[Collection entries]
..........
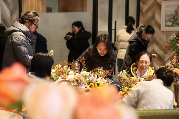 当天中午,公司一楼咖啡厅花香扑鼻、色彩斑斓。在专业花艺师为大家讲解了常见花材品种、等级、习性与养护等基础理论知识后,现场师生投入到艺术构思和实操练习中。大家修剪枝叶、搭配颜色、设计造型,亲手制作出一件件充满匠心和个性花艺作品。大家纷纷举起手机相机、拍照留影,定格这一温馨美好时刻。(文/佘蕙文 图/蒋芙薱)
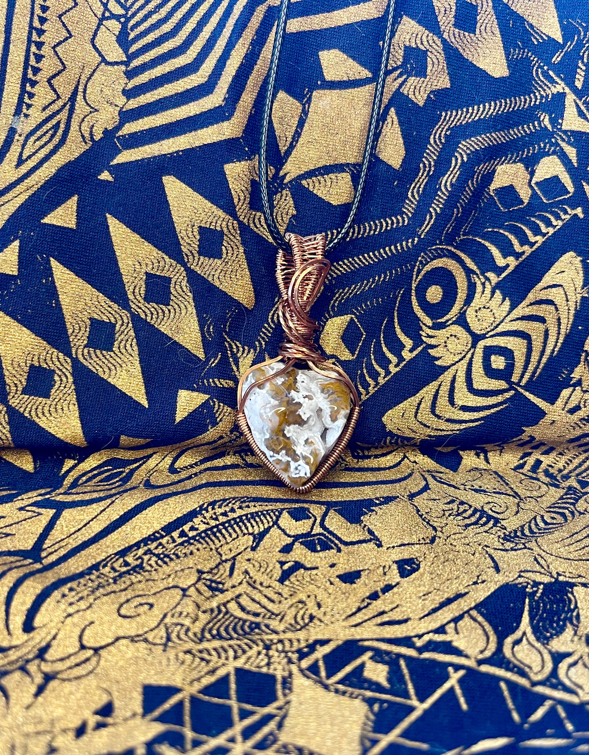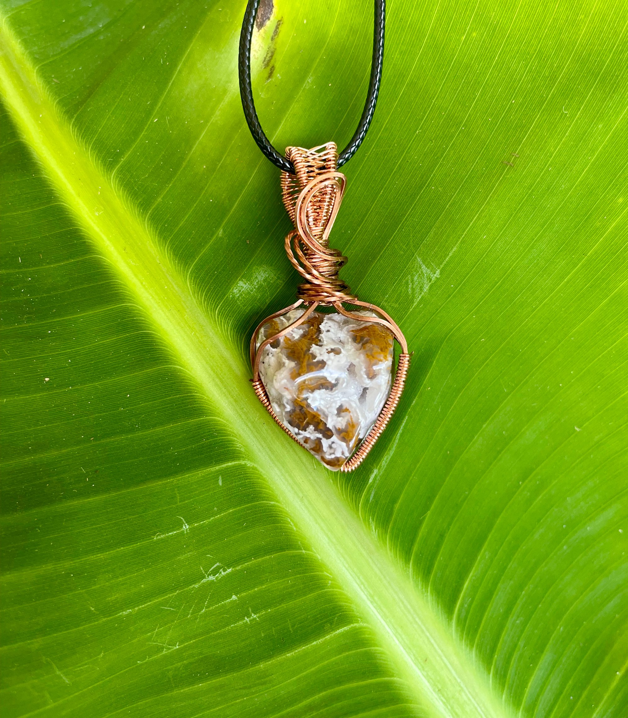 Handmade wire-wrapped Mexican Crazy Lace Agate pendant crafted with care and intention. Crazy Lace Agate is believed to bring joy, balance, and protection while promoting mental clarity and a positive outlook.
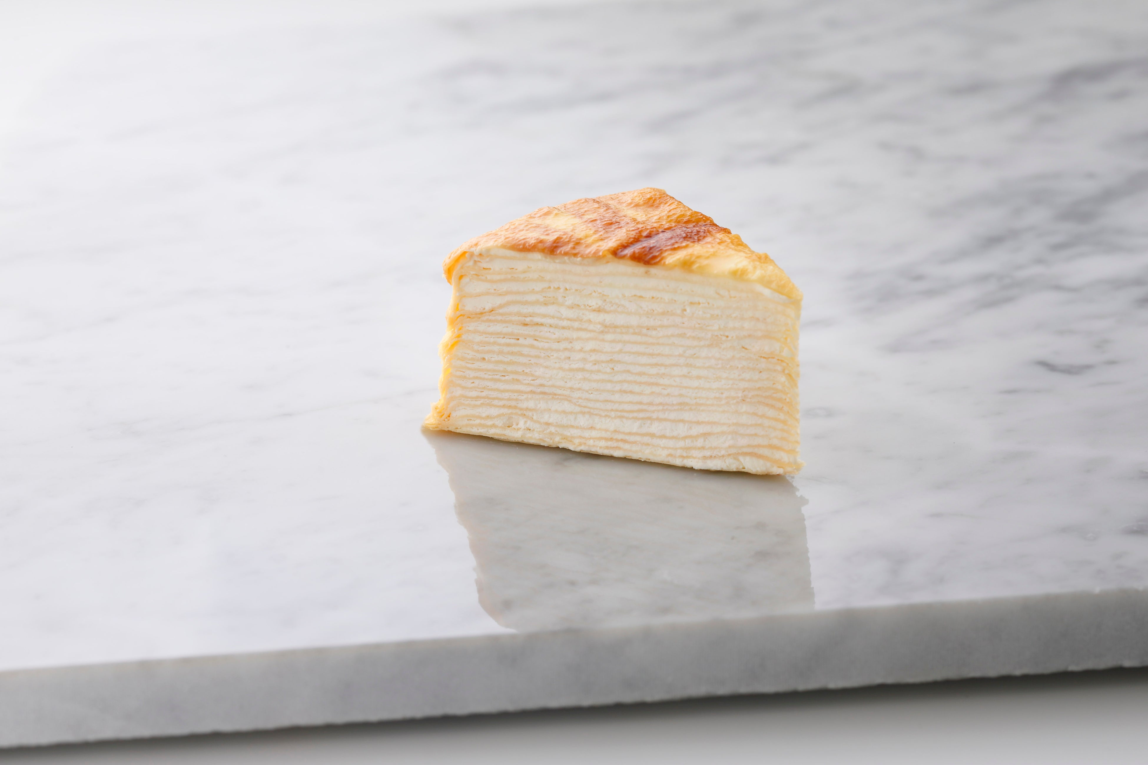 <カサネオ>は、様々な素材を重ねることで生み出される新しいお菓子で、皆さまの日常をプレミアムにする洋菓子ブランドです。「ミルクレープ はじまり」にはグラスフェッドバターを使用。向こうが透けるくらいまで極限に薄く仕上げたクレープ皮と、鮮度にこだわったオリジナルクリーム。この組み合わせが最も活きるバランスとして、20層に重ねています。
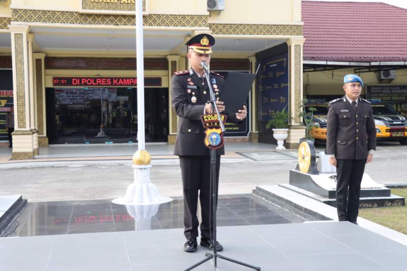 Kapolres Kampar AKBP Ronald Sumaja yang di wakili oleh Waka Polres Kampar Kompol Andi Cakra Putra menjadi Inspentuk Upacara kegiatan ini juga dihadiri oleh Pejabat Utama Polres Kampar, Kapolsek Jajaran dengan pserta personil Polres Kampar.
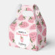 Una encantadora caja de favores rosa con adorables ilustraciones de fresa, perfecta para mandar a los huéspedes a casa con dulces recuerdos y dulces dulces. (Obra de arte generada por IA)
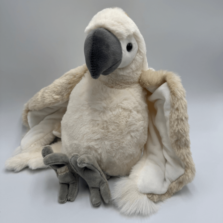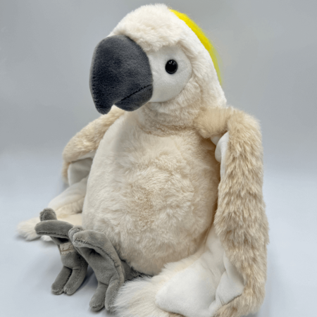 Mango Parrot to wyjątkowa pluszowa papuga, która zachwyca swoją elegancją i urokliwym wyglądem. Wykonana z miękkiego, białego futerka, ma piękne, kolorowe skrzydła w odcieniach żółci, które przyciągają wzrok. Jej czarne akrylowe oczka nadają jej radosnego wyrazu, a szary dziób oraz łapki dopełniają całość. Mango Parrot ma wysokość 30 cm, co sprawia, że jest idealnym towarzyszem zabaw i kreatywnych opowieści.
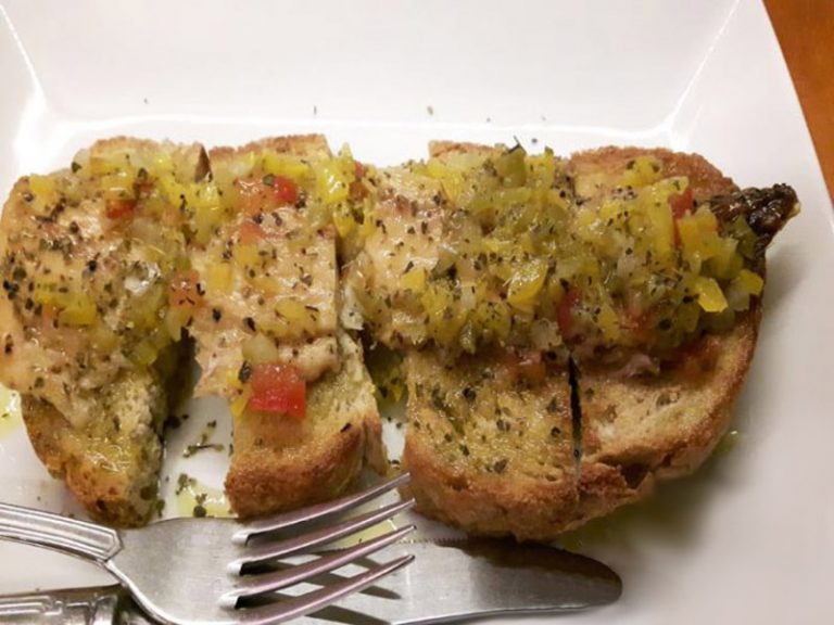 1 confezione di Filetti di sgombro in scatola all’olio di oliva, 12 fettine di pane, qualche pomodorino Pachino, 2 spicchi d’aglio svestiti, 1 peperone giallo, origano q.b., 2-3 cucchiai d’olio extravergine d’oliva, sale, pepe e un pezzetto di peperoncino fresco.
..........
• [PROBLEM STATEMENT]:
When you reach the line that has "Una encantadora caja" in the data above, start repeating lines exactly, and stop after the line that has "Mango Parrot to"; pictures stay out.

• [SOLVED EXERCISE]:
 Una encantadora caja de favores rosa con adorables ilustraciones de fresa, perfecta para mandar a los huéspedes a casa con dulces recuerdos y dulces dulces. (Obra de arte generada por IA)
 Mango Parrot to wyjątkowa pluszowa papuga, która zachwyca swoją elegancją i urokliwym wyglądem. Wykonana z miękkiego, białego futerka, ma piękne, kolorowe skrzydła w odcieniach żółci, które przyciągają wzrok. Jej czarne akrylowe oczka nadają jej radosnego wyrazu, a szary dziób oraz łapki dopełniają całość. Mango Parrot ma wysokość 30 cm, co sprawia, że jest idealnym towarzyszem zabaw i kreatywnych opowieści.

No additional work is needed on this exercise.